- _Task description_: The reply needs the lines from the one containing "ile kullanıma uygundur." through the end of the material, each repeated exactly, and no pictures.

- _Dataset content_:
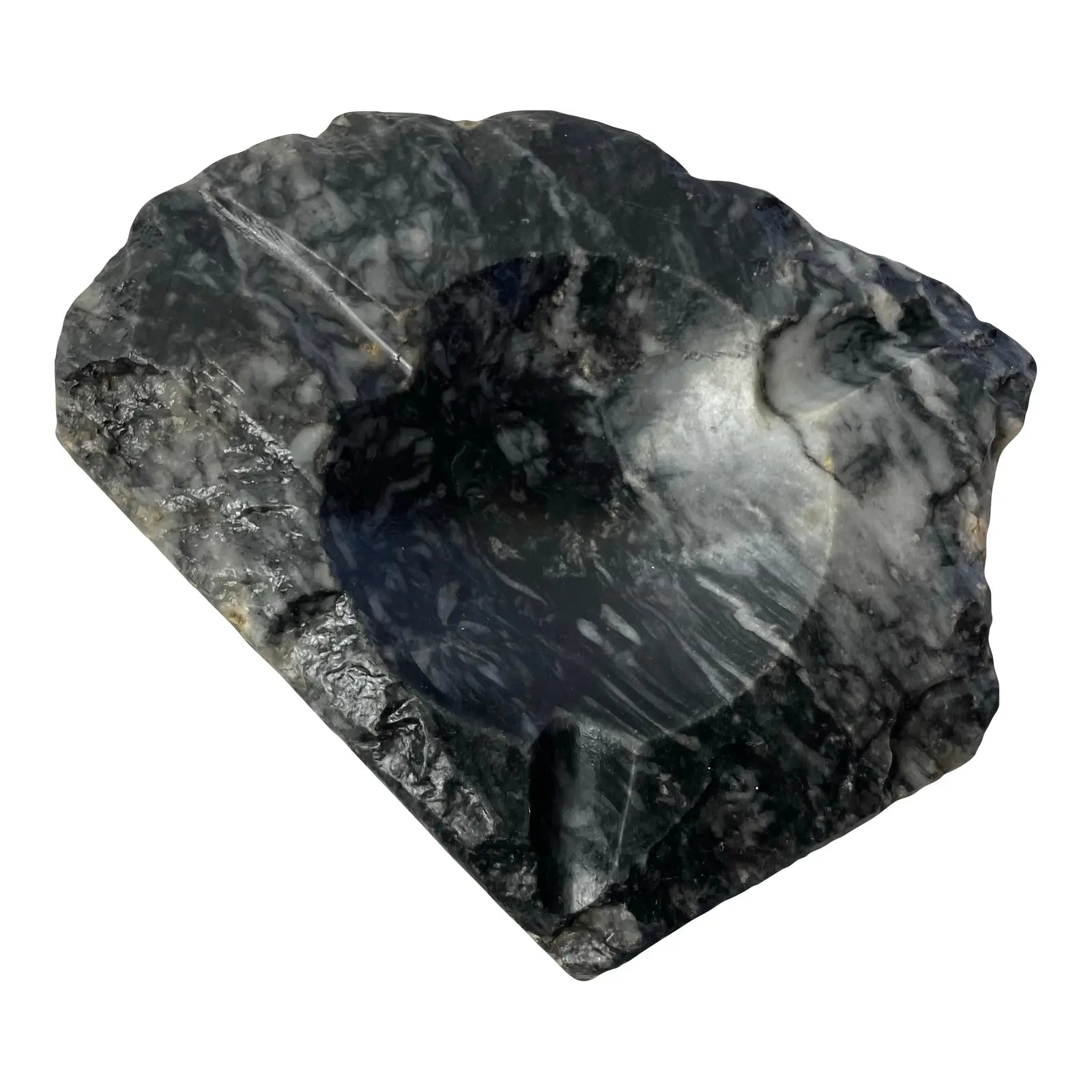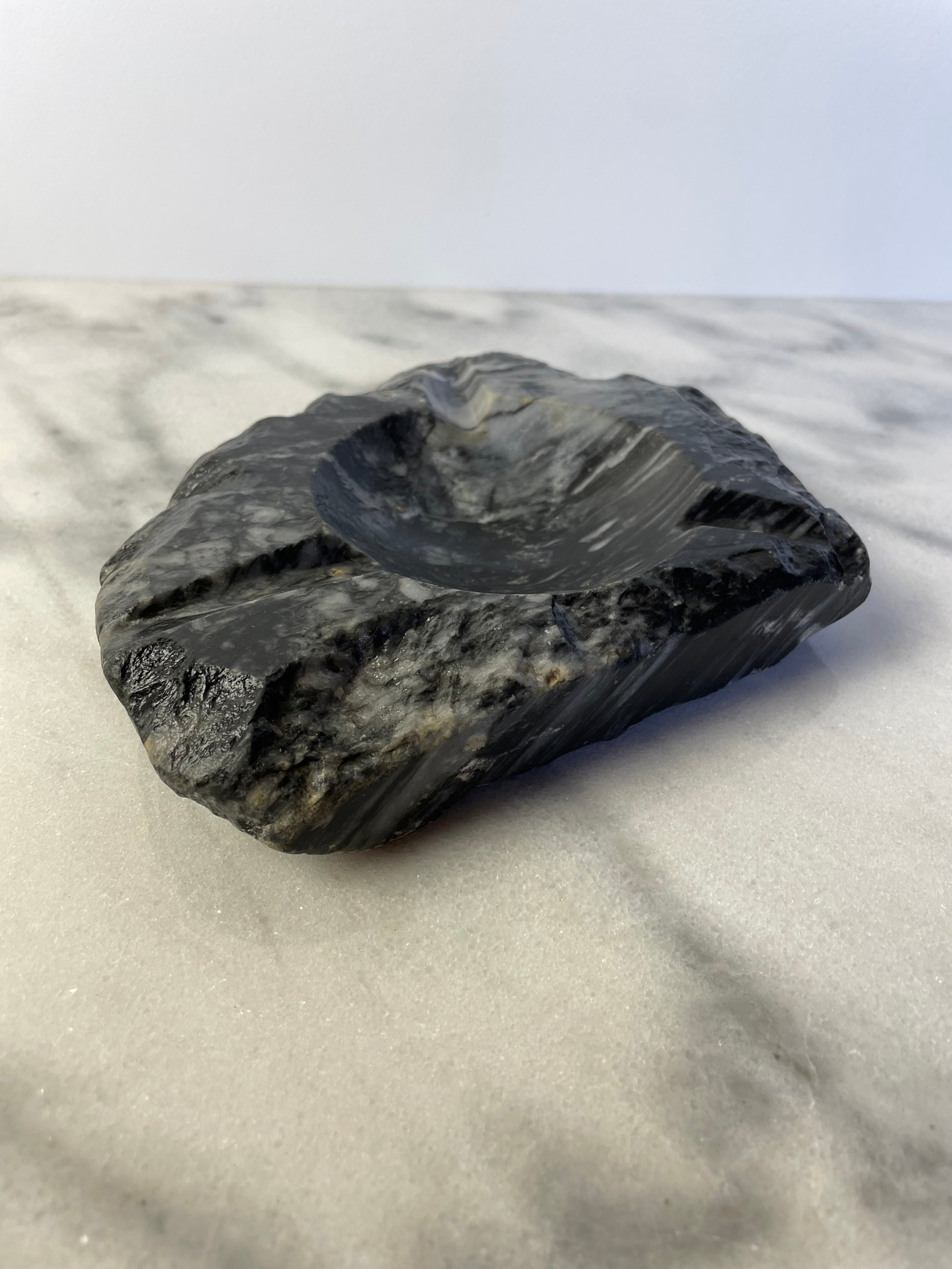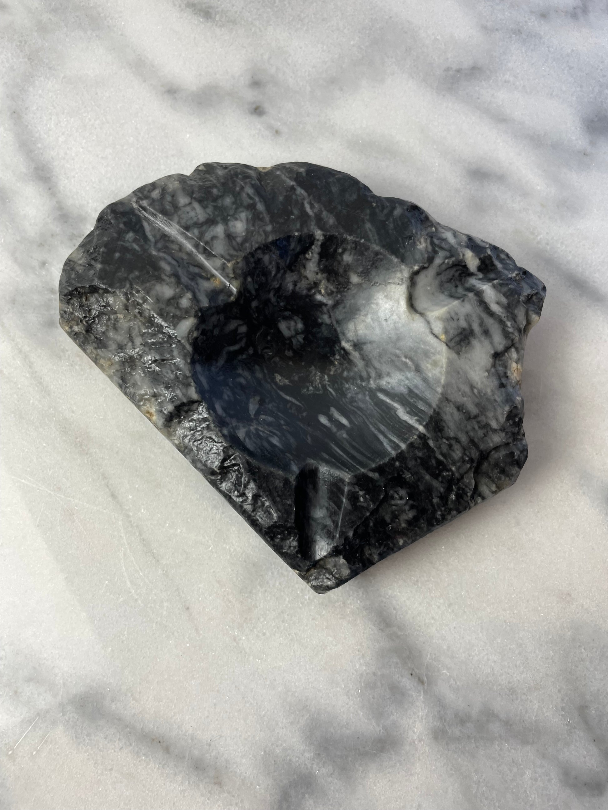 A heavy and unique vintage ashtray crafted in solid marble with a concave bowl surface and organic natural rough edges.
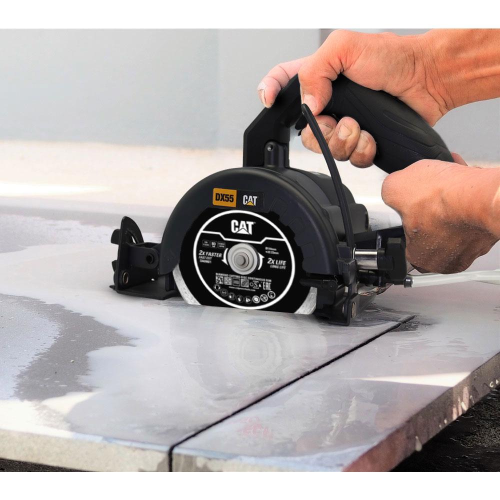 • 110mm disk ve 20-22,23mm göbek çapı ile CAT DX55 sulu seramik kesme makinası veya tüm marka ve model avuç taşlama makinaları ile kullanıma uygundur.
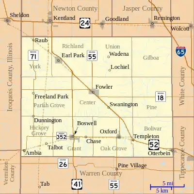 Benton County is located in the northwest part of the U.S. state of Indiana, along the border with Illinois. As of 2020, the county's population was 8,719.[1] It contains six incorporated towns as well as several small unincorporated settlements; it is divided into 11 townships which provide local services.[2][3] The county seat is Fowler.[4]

- _Written response_:
 • 110mm disk ve 20-22,23mm göbek çapı ile CAT DX55 sulu seramik kesme makinası veya tüm marka ve model avuç taşlama makinaları ile kullanıma uygundur.
 Benton County is located in the northwest part of the U.S. state of Indiana, along the border with Illinois. As of 2020, the county's population was 8,719.[1] It contains six incorporated towns as well as several small unincorporated settlements; it is divided into 11 townships which provide local services.[2][3] The county seat is Fowler.[4]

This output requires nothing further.